_TASK ITEM_
Strip out all images, then restate the data verbatim.

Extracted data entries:
━━━━━━━━

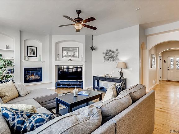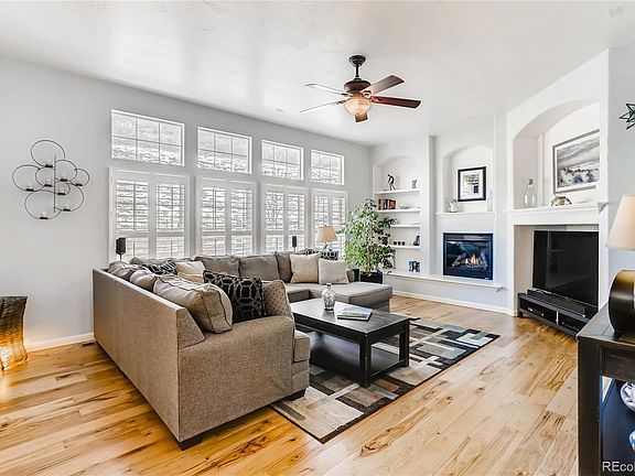 Views of the majestic Rocky Mountains and native vegetation as far as the eye can see. This 5-bedroom/4-bath home sits on a cul-de-sac receding the beautiful foothills of The Meadows Neighborhood. Stacked rock adorns a portion of the homes exterior, including a double-sideload garage; a single-car garage lies nearest a split-rail fence lining the perimeter of a landscaped yard with a stamped concreate back patio and gas firepit perfect for cozy nights observing visiting wildlife. Indoors, natural light gleams throughout as it reflects off hickory floors and arched walk-ways dotting the main-floor. Near the front entrance is a convenient home office with French doors and dining room framed by tray ceilings. A Butlers pantry cascades from the dining room to the kitchen with access to a walk-in pantry. The eat-in kitchen takes shape with stainless-steel Whirlpool appliances, 5-burner gas stove, center island, granite countertops and a built-in desk. The kitchen opens onto an inviting living room accented by a gas fireplace and arched built-in shelves. The second-floor is occupied by another built-in desk, linen closet and four bedrooms three with walk-in closets. The master suite boasts a gas fireplace and 5-piece ensuite with quartz countertops, ceramic-tile floors/shower and soaker tub. An additional second-floor bathroom has ceramic-tile floor and shower; plus, a double-vanity with quartz countertop. In the basement, a family/rec room is appropriately outfitted with a wet bar; as well as an additional bathroom and bedroom with egress window and closet built-ins. The master planned community is 30 minutes from Denver and Colorado Springs. Neighborhood residents enjoy access to two swimming pools, miles of nature trails and more.
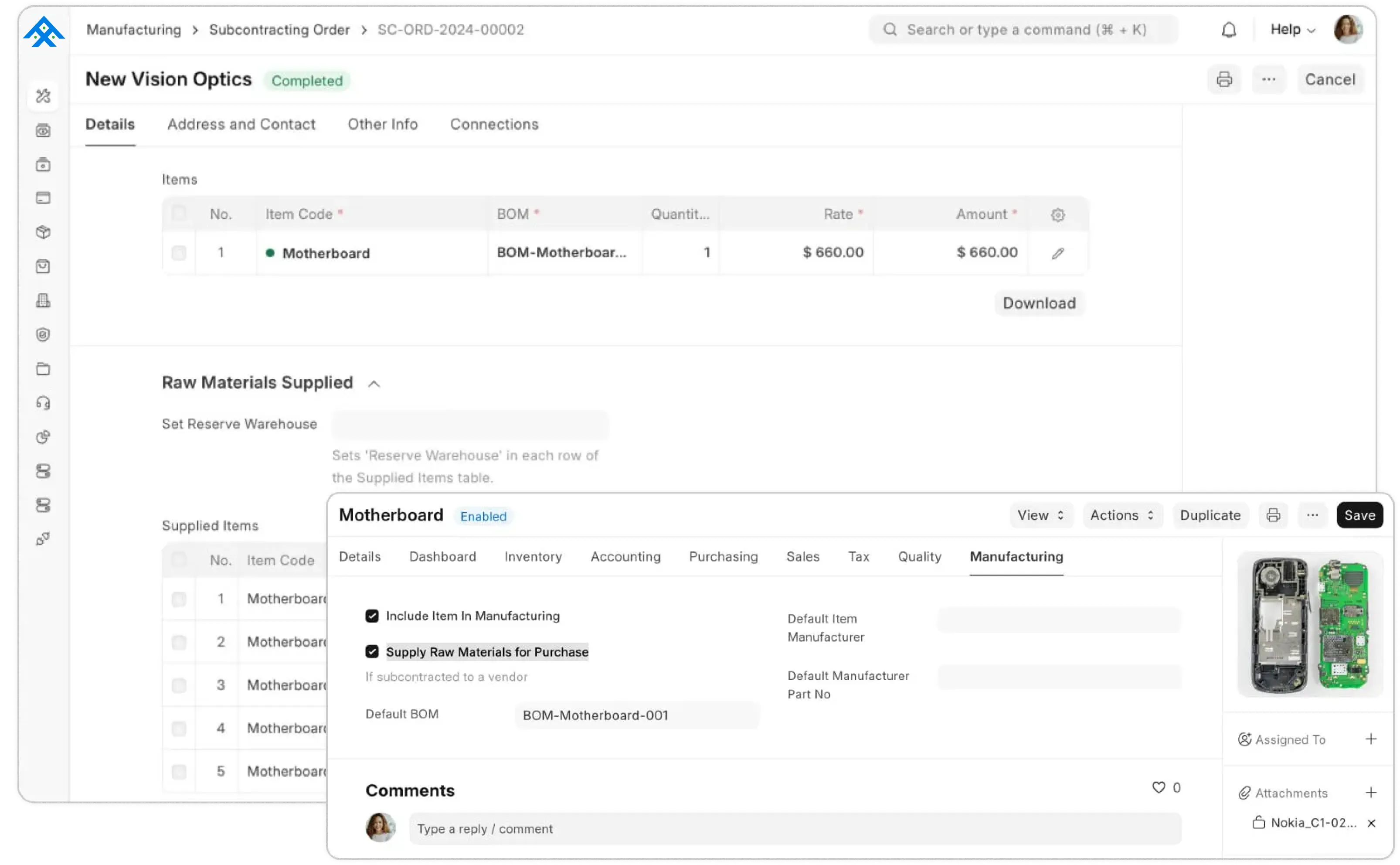 Track BOMs, plan production, and prevent material shortages with ERPNext’s Manufacturing module. Ensure smooth operations through automated quality checks, timely material planning, and accurate backflushing.
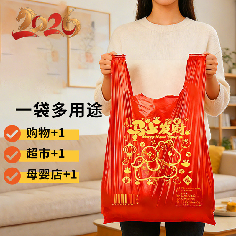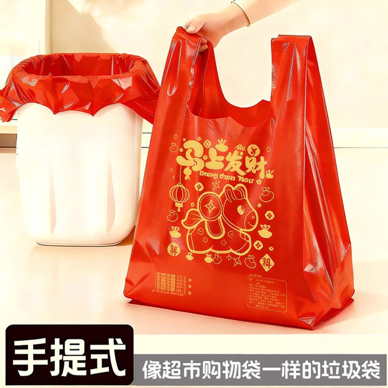 2026垃圾袋家用加厚手提式用马年免撕大号超厚红色塑料袋特厚年货
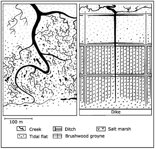Drainage systems are used for a multitude of purposes: in groyne fields, drainage furrows and ditches are used to promote the development of pioneer vegetation [,]. Nowadays, drainage systems in the salt marshes near the dike serve to ensure adequate drainage of the dike foot [,,,] and to allow grazing for management [] and also for nature conservation purposes []. Artificial drainage systems differ from naturally developed drainage systems as they are designed in a linear and evenly distributed structure, as seen in Figure 6 [,]. Artificial ditches are wider and shallower and the drainage system is much longer and less branched compared to naturally developed ones [,]. A study by Reents et al. [] examined the characteristics of drainage systems in salt marshes in the Netherlands, the United Kingdom and Germany. The artificial flow paths were found to be up to 900 m/ha long and in naturally developed salt marshes around 750 m/ha. In addition, the width variance was less pronounced. About 80% of the drainage systems of the artificial salt marshes were categorised as small, but only 55% to 60% of the natural salt marshes. The authors also found no salt pans associated with artificial systems, whereas salt pans constituted approximately 6% of the area of naturally developed salt marshes. The influence of drainage furrows on wave heights is investigated by Lieberman et al. [] using a numerical model. The results demonstrate a wider range of wave heights in an area with furrows (3 to 8 cm) than in an area without (5 cm) furrows, and higher waves in areas with furrows in groyne fields. As observed by Duin et al. [], the presence of furrows leads to a greater differentiation of the elevation range in sedimentation processes. This accelerates the succession and increases the number of species present in the higher salt marsh. The construction of artificial drainage structures has been observed to result in a lowering of the vegetation boundary of the pioneer and lower salt marsh zones by 0.2 m [,,,].
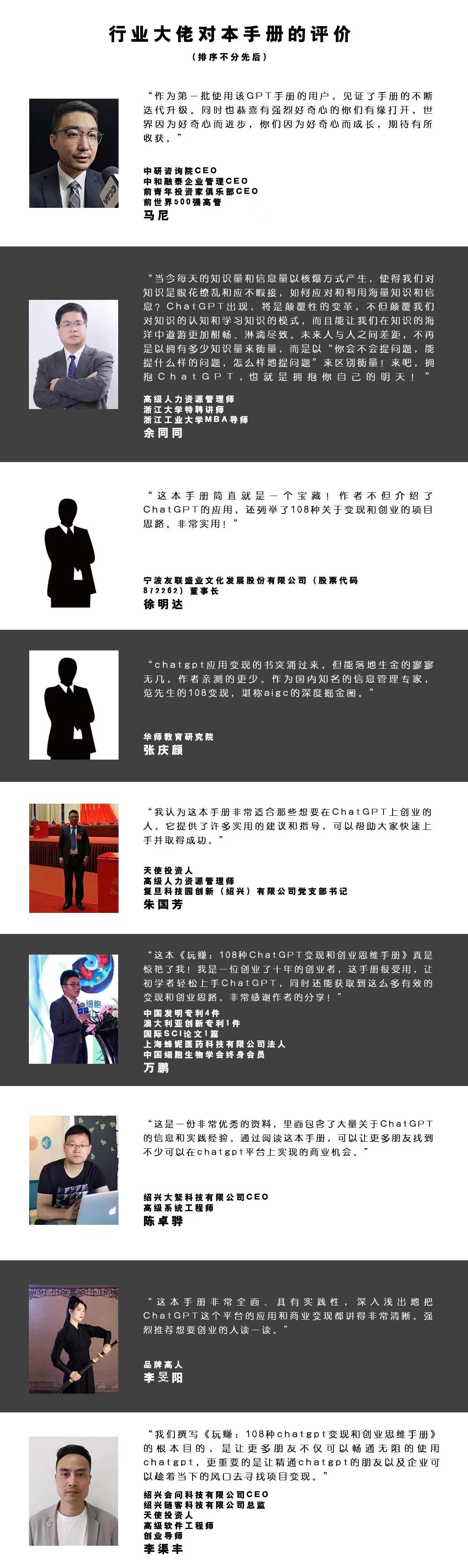 无论您现在是做什么行业的,您都应该要趁早入手这本手册,因为“生成式人工智能”时代已经来了!会用chatgpt的人更容易成为“社会精英”,因为:
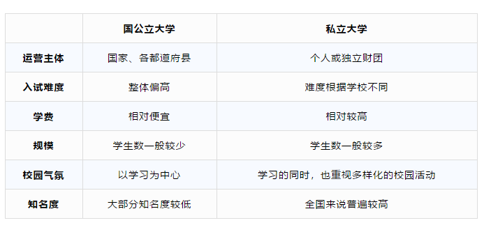 但要注意的一点是,私立大学的入试一般前期(夏季、秋季)和后期(冬季)都有,而国公立大学的入试一般只放在后期(冬季)。如果想要入读国公立,但又不确定自己能否考入的话,建议在前期的时候,先报考一所私立大学用来保底。
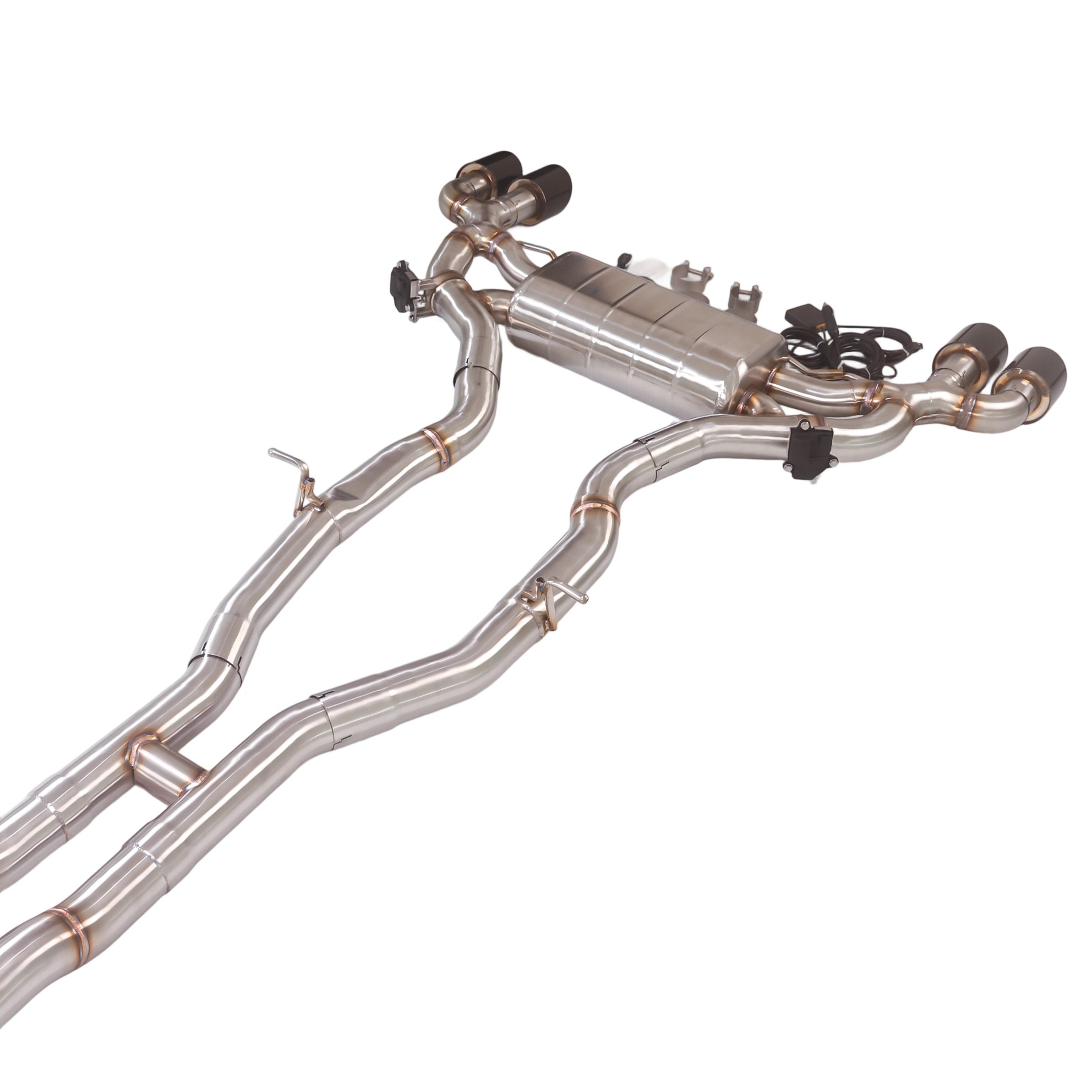 Single Muffler | Dual Valves | Quad 101mm Slash-Cut Black Plated Tips | Direct Bolt-On

━━━━━━━━

_YOUR SOLUTION_
 Views of the majestic Rocky Mountains and native vegetation as far as the eye can see. This 5-bedroom/4-bath home sits on a cul-de-sac receding the beautiful foothills of The Meadows Neighborhood. Stacked rock adorns a portion of the homes exterior, including a double-sideload garage; a single-car garage lies nearest a split-rail fence lining the perimeter of a landscaped yard with a stamped concreate back patio and gas firepit perfect for cozy nights observing visiting wildlife. Indoors, natural light gleams throughout as it reflects off hickory floors and arched walk-ways dotting the main-floor. Near the front entrance is a convenient home office with French doors and dining room framed by tray ceilings. A Butlers pantry cascades from the dining room to the kitchen with access to a walk-in pantry. The eat-in kitchen takes shape with stainless-steel Whirlpool appliances, 5-burner gas stove, center island, granite countertops and a built-in desk. The kitchen opens onto an inviting living room accented by a gas fireplace and arched built-in shelves. The second-floor is occupied by another built-in desk, linen closet and four bedrooms three with walk-in closets. The master suite boasts a gas fireplace and 5-piece ensuite with quartz countertops, ceramic-tile floors/shower and soaker tub. An additional second-floor bathroom has ceramic-tile floor and shower; plus, a double-vanity with quartz countertop. In the basement, a family/rec room is appropriately outfitted with a wet bar; as well as an additional bathroom and bedroom with egress window and closet built-ins. The master planned community is 30 minutes from Denver and Colorado Springs. Neighborhood residents enjoy access to two swimming pools, miles of nature trails and more.
 Track BOMs, plan production, and prevent material shortages with ERPNext’s Manufacturing module. Ensure smooth operations through automated quality checks, timely material planning, and accurate backflushing.
 2026垃圾袋家用加厚手提式用马年免撕大号超厚红色塑料袋特厚年货
Drainage systems are used for a multitude of purposes: in groyne fields, drainage furrows and ditches are used to promote the development of pioneer vegetation [,]. Nowadays, drainage systems in the salt marshes near the dike serve to ensure adequate drainage of the dike foot [,,,] and to allow grazing for management [] and also for nature conservation purposes []. Artificial drainage systems differ from naturally developed drainage systems as they are designed in a linear and evenly distributed structure, as seen in Figure 6 [,]. Artificial ditches are wider and shallower and the drainage system is much longer and less branched compared to naturally developed ones [,]. A study by Reents et al. [] examined the characteristics of drainage systems in salt marshes in the Netherlands, the United Kingdom and Germany. The artificial flow paths were found to be up to 900 m/ha long and in naturally developed salt marshes around 750 m/ha. In addition, the width variance was less pronounced. About 80% of the drainage systems of the artificial salt marshes were categorised as small, but only 55% to 60% of the natural salt marshes. The authors also found no salt pans associated with artificial systems, whereas salt pans constituted approximately 6% of the area of naturally developed salt marshes. The influence of drainage furrows on wave heights is investigated by Lieberman et al. [] using a numerical model. The results demonstrate a wider range of wave heights in an area with furrows (3 to 8 cm) than in an area without (5 cm) furrows, and higher waves in areas with furrows in groyne fields. As observed by Duin et al. [], the presence of furrows leads to a greater differentiation of the elevation range in sedimentation processes. This accelerates the succession and increases the number of species present in the higher salt marsh. The construction of artificial drainage structures has been observed to result in a lowering of the vegetation boundary of the pioneer and lower salt marsh zones by 0.2 m [,,,].
 无论您现在是做什么行业的,您都应该要趁早入手这本手册,因为“生成式人工智能”时代已经来了!会用chatgpt的人更容易成为“社会精英”,因为:
 但要注意的一点是,私立大学的入试一般前期(夏季、秋季)和后期(冬季)都有,而国公立大学的入试一般只放在后期(冬季)。如果想要入读国公立,但又不确定自己能否考入的话,建议在前期的时候,先报考一所私立大学用来保底。
 Single Muffler | Dual Valves | Quad 101mm Slash-Cut Black Plated Tips | Direct Bolt-On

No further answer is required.